Very dangerous to store though...one spark on opening and you are through.


----------



## Caribou (Aug 18, 2012)

I'd go with the 55 gallon tank, stabilizer, and purging the tank with butane or propane. Tip the tank slightly (a 2X4 under one edge) so that water does not cover either bung. Around here you can find good tanks for between $5 and $20.

Try to avoid gas with alcohol as the alcohol draws water. Storing water sucks.


----------



## Tirediron (Jul 12, 2010)

Linctex stored gasoline in a propane tank, so that it could be sealed. 
An automotive propane tank should be fairly easy to get a hold of since most modern electronic vehicles are not cost effective to convert to propane. 

I haven't gotten around to doing this yet.

Linctex posted that he had stored gasoline for 5 years in a propane tank.

A steel drum would need to be kept at a fairly constant temperature, to keep it from expanding and contracting.
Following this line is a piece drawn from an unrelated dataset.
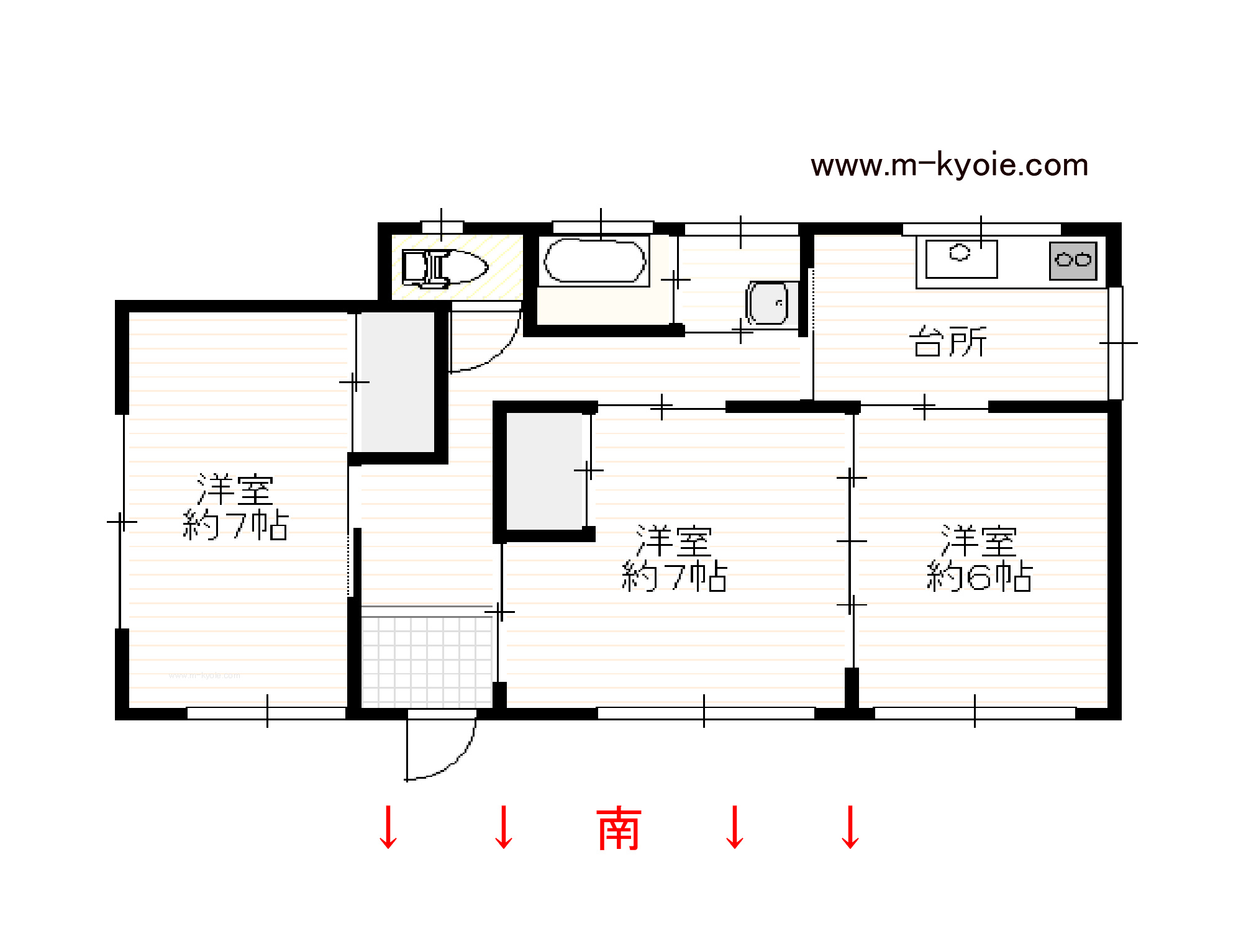 ニトリモール近く!ファミリー向け!! ファミリー向けの間取りです。洗面所が広いのでサイズの大きな洗濯機も設置できそうです。トイレも広めです。東南の角部屋で各部屋に窓があるので日当たりと風通しが良いです。宮崎南バイパス、東九州自動車道宮崎インター、源藤交差点近くです。ニトリモールにも歩いて買物に行けます。契約時に必要な初期費用は、住宅総合保険料8,000円のみ!敷金0円、礼金0円、仲介手数料0円、前家賃0円、賃貸保証料0円です。 |
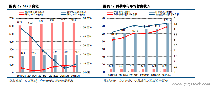腾讯音乐的经营数据分析。TME 背靠腾讯旗下社交两大社交平台(微信和 QQ)的庞大用户群,与控股股东腾讯具有明显的协同效应。截至 2018 年 6 月 30 日,TME 拥有最大的音乐内容库,包括来自 200 多个国内和国际音乐品牌的超过 2000 万首歌曲;TME 积极发展数据和技术支持,实现了依托客户群规模和参与度开发最符合用户偏好和增强用户体验的创新产品,着力打造多服务货币化格局,提升集团总收入。2018 年第二季度,QQ 音乐、酷狗音乐、酷我音乐和全民 K 歌四个主要产品品牌均成为中国四大音乐移动应用程序,总 MAU 超过 6 亿,且每个活跃用户平均每天花费时间超过 70 分钟。近一年来,TME 总 MAU 存在小幅上升趋势,同比增长率稍有下降,未来上升空间较小;用户平均付费收入基本持平,但付费率处于较低水平,虽有小幅波动但基本呈现上涨趋势。

plastic containers will let the light ends (the more volatile compounds) escape, so they are not good for long term storage.


----------



## ZoomZoom (Dec 18, 2009)

If your goal is 40 gallons and you already have a few 5-gallon cans, I'd suggest you stay on your current path and just get a few more 5-gal cans.

You can get something slightly larger (like a fuel caddy pictured below) that holds 15-gallons but they're pricey and think about filling them. At 15-gals, that's about 120 pounds. Kind of difficult to carry/handle for taking to a station then throwing it in/out of the truck.

5-gal cans are easier to handle and rotate your stock. I use those manilla cards with a string (https://www.amazon.com/Avery-Shippi.../dp/B002U42VW4?ie=UTF8&tag=duckduckgo-ffab-20) and each time I fill, I write the date purchased and octane on the card for easy reference for rotating.


----------



## Caribou (Aug 18, 2012)

Plastic is fine for short term storage. If you use plastic then dump it in your vehicle every three to six months and then get fresh for storage.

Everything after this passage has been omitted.